As provas finais do 9º anos podem vir a deixar de contar para a nota, recomendou o Conselho Nacional de Educação (CNE): de acordo com o jornal ‘Público’, citando um parecer do organismo sobre as novas provas de monitorização da aprendizagem (ModA), é proposto que se avalie “a possibilidade de aplicar as provas ModA no 9º ano de escolaridade”.
Assim, a avaliação dos alunos seria alterada, uma vez que as provas ModA não têm impacto na avaliação final, sendo que as provas finais do 9º ano atualmente têm: o CNE recomendou ainda ao Governo para não utilizar os dados aferidos pelas provas para estabelecer qualquer ranking de escolas.
O CNE recomendou ao Governo que avalie “a possibilidade de aplicar as provas ModA no 9º ano de escolaridade, como forma de tornar o sistema de avaliação externa que agora se propõe mais abrangente e consistente no seu todo, o que implicará a necessidade de produzir alterações no articulado legislativo”.
A proposta é justificada pelo facto de “quando a escolaridade obrigatória abrangia nove anos e as taxas de retenção e de abandono escolar eram elevadas, estas provas finais visavam valorizar os saberes a serem certificados”. “Dado que atualmente não há necessidade de certificação no final da educação básica, porque os alunos são obrigados a prosseguir os seus estudos, questiona-se a sua pertinência”, apontou o CNE.
Recorde-se que o Ministério da Educação avanço com a extinção, neste ano letivo, das provas de aferição, realizadas nos 2º, 5º e 8º anos, sendo o modelo substituído pelas provas ModA nos 4º e 6º anos às disciplinas de Português e Matemática, com outra disciplina rotativa a cada três anos.
As provas-ensaio do novo modelo de avaliação externa arrancaram esta segunda-feira com os alunos dos 4.º, 6.º e 9.º anos a demonstrar os seus conhecimentos de Português – e com greve de professores: a Federação Nacional dos Professores (Fenprof) entregou um pré-aviso de greve que abrange todos os docentes convocados para tarefas relacionadas com as provas-ensaio, que podem ir desde o trabalho de secretariado de exames, à vigilância ou classificação das provas.
A atual equipa do Ministério da Educação, Ciência e Inovação (MECI) desenhou um novo modelo de avaliação externa, substituindo as provas de aferição dos 2º, 5º e 8º anos, por provas nos 4º e 6º anos, realizando este ano, pela primeira vez, as provas de Monitorização da Aprendizagem (ModA).
Antes das provas, que vão realizar-se entre meados de maio e o início de junho, o MECI decidiu levar a cabo testes para que os alunos possam ter contacto com a plataforma eletrónica de realização de provas, mas também para avaliar a capacidade tecnológica das escolas e identificar problemas que precisem de ser corrigidos atempadamente.
Na próxima semana, os alunos dos 4º e 6º anos realizam testes às provas ModA de Português e os do 9º às provas finais do ensino básico.
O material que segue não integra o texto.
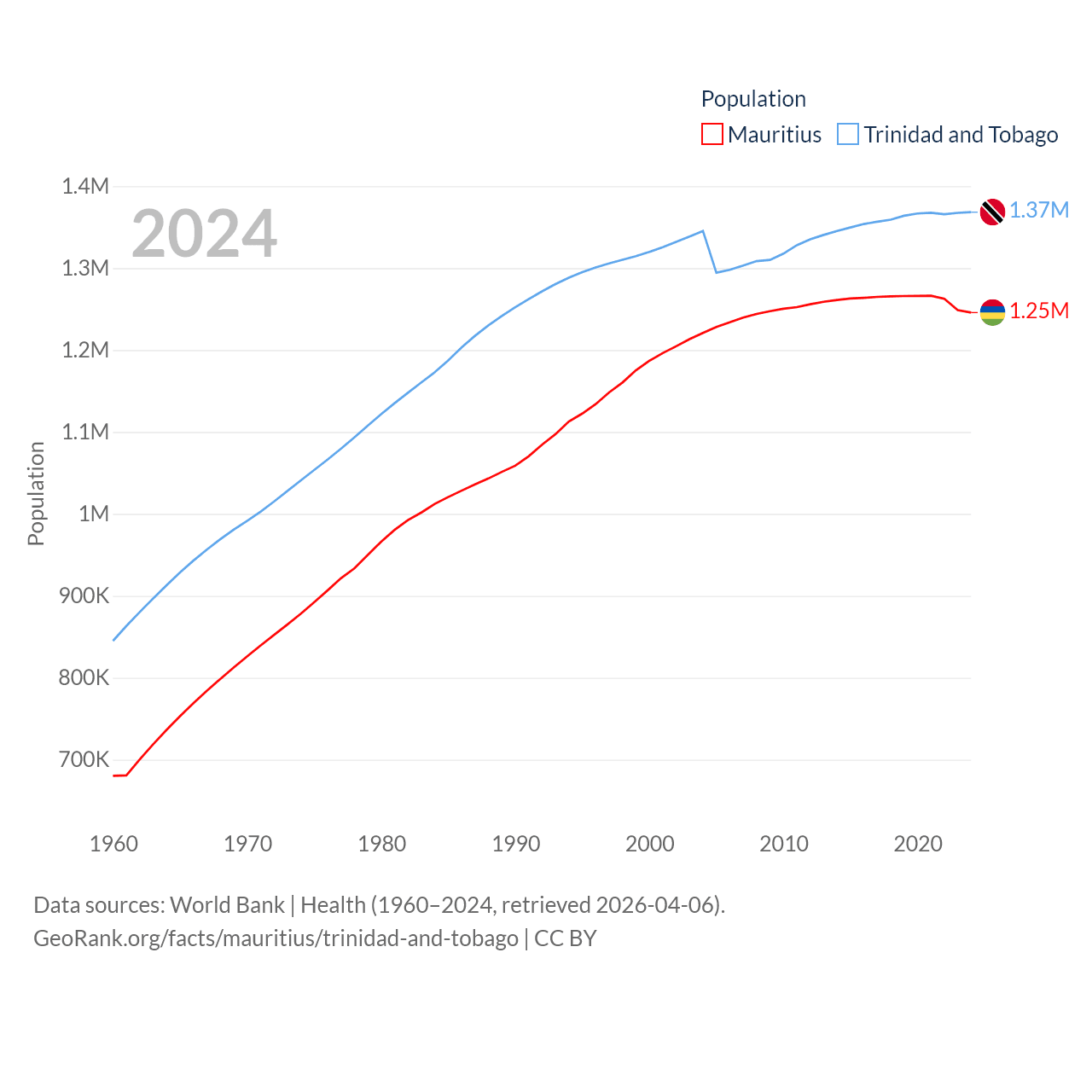 Mauritius has a population of 1.25M (ranked 156/197), compared with 1.37M in Trinidad and Tobago (ranked 154/197). Mauritius' land area is 771 sq mi versus 1,981 sq mi for Trinidad and Tobago (ranked 170th vs. 166th).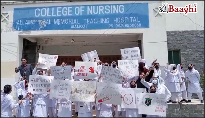 سیالکوٹ (باغی ٹی وی ڈویژنل بیوروچیف شاہد ریاض)سیالکوٹ میں گورنمنٹ علامہ اقبال ٹیچنگ میموریل ہسپتال کے گرلز ہاسٹل کے باہر نرسنگ کی طالبات نے ہائر ایجوکیشن کمیشن (ایچ ای سی) کی نئی پالیسی کے خلاف بھرپور احتجاجی مظاہرہ کیا۔ طالبات کا مطالبہ ہے کہ ایچ ای سی نے نرسنگ کے پاسنگ مارکس 50 فیصد سے بڑھا کر اچانک 60 فیصد کر دیے ہیں، جس کے باعث انہیں شدید مشکلات کا سامنا ہے۔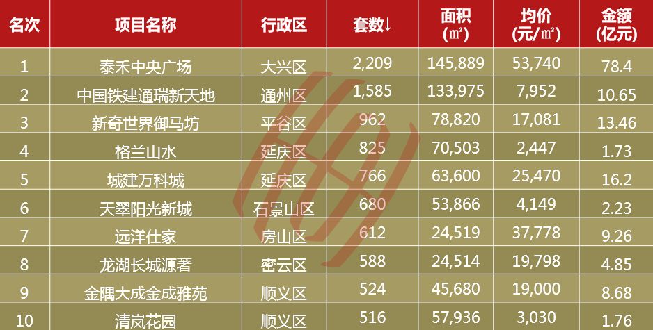 成交量降六成!2017年北京商品房市场成交排行情况汇总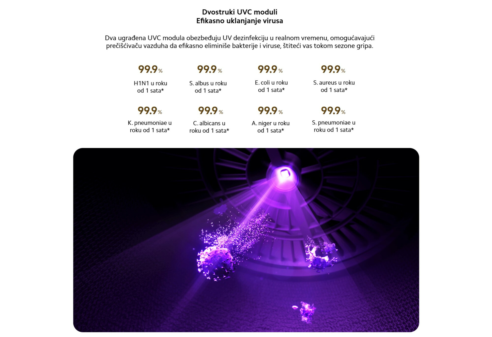 *99,9% S. pneumoniae uklonjeno za 1 sat: Podaci potiču iz Nacionalnog centra za inspekciju kvaliteta i ispitivanje proizvoda za prečišćavanje vazduha kompanije Guangzhou Institute of Microbiology Group Co., Ltd. Broj izveštaja: KJ2025002554E.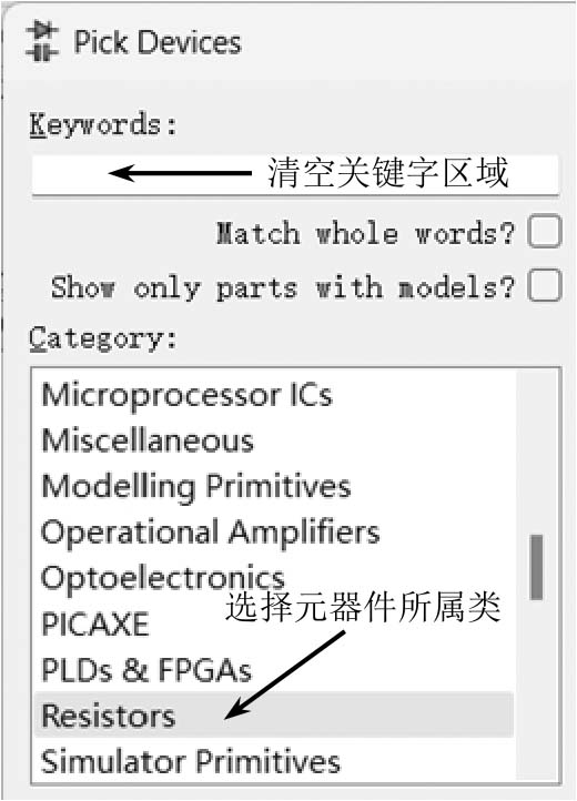 ·通过索引系统查找库元器件。当用户不确定元器件的名称或不清楚元器件的描述时,可采用这一方法。先清除“Keywords”区域的内容,然后选择“Category”目录中的“Resistors”类,如图2-18所示。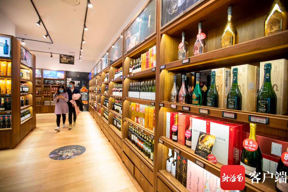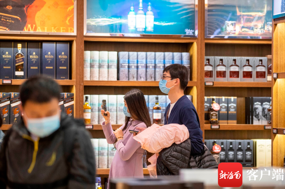 市民游客在免稅店內選購酒水類免稅品。記者 劉洋 攝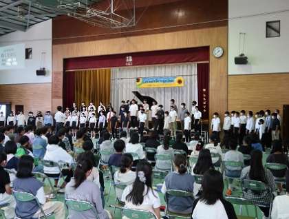 本日は学習発表会を開催します。午前中は体育館で英語スピーチ、3年音楽、生徒会本部、3年ダンス、相模人形クラブ、吹奏楽部が発表します。午後は体育館でにじうたコンサートがあり、各学年と各クラスと有志の合唱が披露されます。

Na semana seguinte, os alunos do 4º ano serão chamados para demonstrar os seus conhecimentos de Inglês e os do 6º de História e Geografia. Já na última semana de fevereiro, será a vez das provas-ensaio de Matemática.
As provas têm a duração de 45 minutos e os alunos poderão realizá-las no mesmo dia e à mesma hora em que tinham a disciplina no seu horário, “pois pretende-se que estas provas não causem perturbação no funcionamento normal da escola”.
As provas ModA são de realização obrigatória e de aplicação universal, tendo os alunos que realizar sempre três provas: Português e Matemática (com componente de Estudo do Meio no 4º ano e componente de Ciências Naturais no 6º ano), e uma outra disciplina que é rotativa, a cada três anos.